テーブルの上にあるランプも優しい灯を届けてくれる。カウンター席には常連客と思われる方々が並び、楽しそうに話していた。それを邪魔しないよう、控えめな声量で店主さんを呼んでピザトーストとクリームソーダを注文。ここのお店のクリームソーダは『クリームソーダ純喫茶めぐり』という書籍でも取り上げられており、結構有名らしい。今回もそれを目当てでお邪魔した。

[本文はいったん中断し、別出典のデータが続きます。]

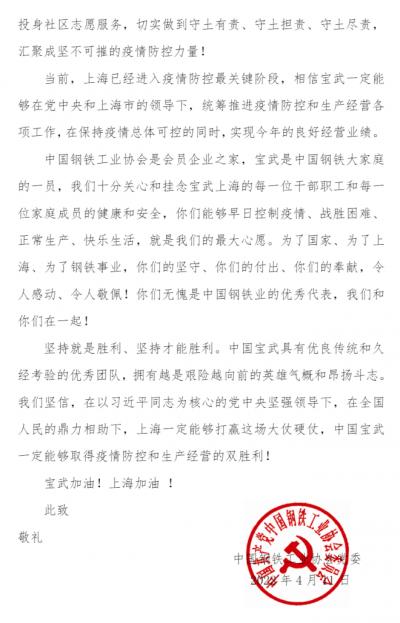 中国钢铁工业协会是会员企业之家,宝武是中国钢铁大家庭的一员,我们十分关心和挂念宝武上海的每一位干部职工和每一位家庭成员的健康和安全,你们能够早日控制疫情、战胜困难、正常生产、快乐生活,就是我们的最大心愿。为了国家、为了上海、为了钢铁事业,你们的坚守、你们的付出、你们的奉献,令人感动、令人敬佩!你们无愧是中国钢铁业的优秀代表,我们和你们在一起!
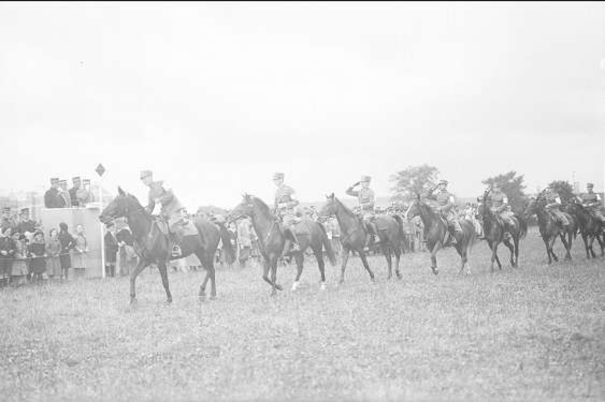 Löpning för officersaspiranter. Hälsning på domaren före nedgalopp till start.

「ちょっと時間かかるけれど大丈夫かしら?」と店主さんがわざわざ一声かけてくれた。お一人で切り盛りしているようだし、他のお客さんもいる状況だから気を遣ってくれたのだろう。ぜんぜん大丈夫ですよと返す。こんなに落ち着く空間なら、いくらでも待てる。

ピザトースト(450円)

見た目も味も100点満点のピザトーストが出てきて、鉄仮面の異名を持つ僕の顔面もほどける。ピザではなく、あくまでピザトースト。パンの味もしっかり感じられるのが嬉しい。

クリームソーダ(500円)

本にも掲載されたクリームソーダ。明るい緑色ではなく、エメラルドグリーンのような濃い緑色だ。炭酸は強すぎず口の中で優しく弾ける感じ。甘さもすっきりしていて、クリームソーダなのにぐいぐい飲めてしまう。

お腹もいっぱいになり、たっぷりノスタルジアに浸ったので、お会計をして帰ることにした。合計は950円なので1,000円を出す。お釣りで50円を貰う準備をしていると、何故か100円玉を渡される。昨日のブログでちょうどお釣りのことを書いたから、頭の中がクエスチョンマークでいっぱいになったが、「わざわざ足を運んでくれたから、ほんのおまけ」とのこと。なんという…。

たくさんお辞儀をして、お店を後にする。駅前通りだっていうのに、人の数も車の数も少ない。もっと昔、それこそ昭和の時代は、今とは比べ物にならないくらい、たくさんの人で溢れていたのだろうか。また今度お邪魔したときに、店主さんに聞いてみよう。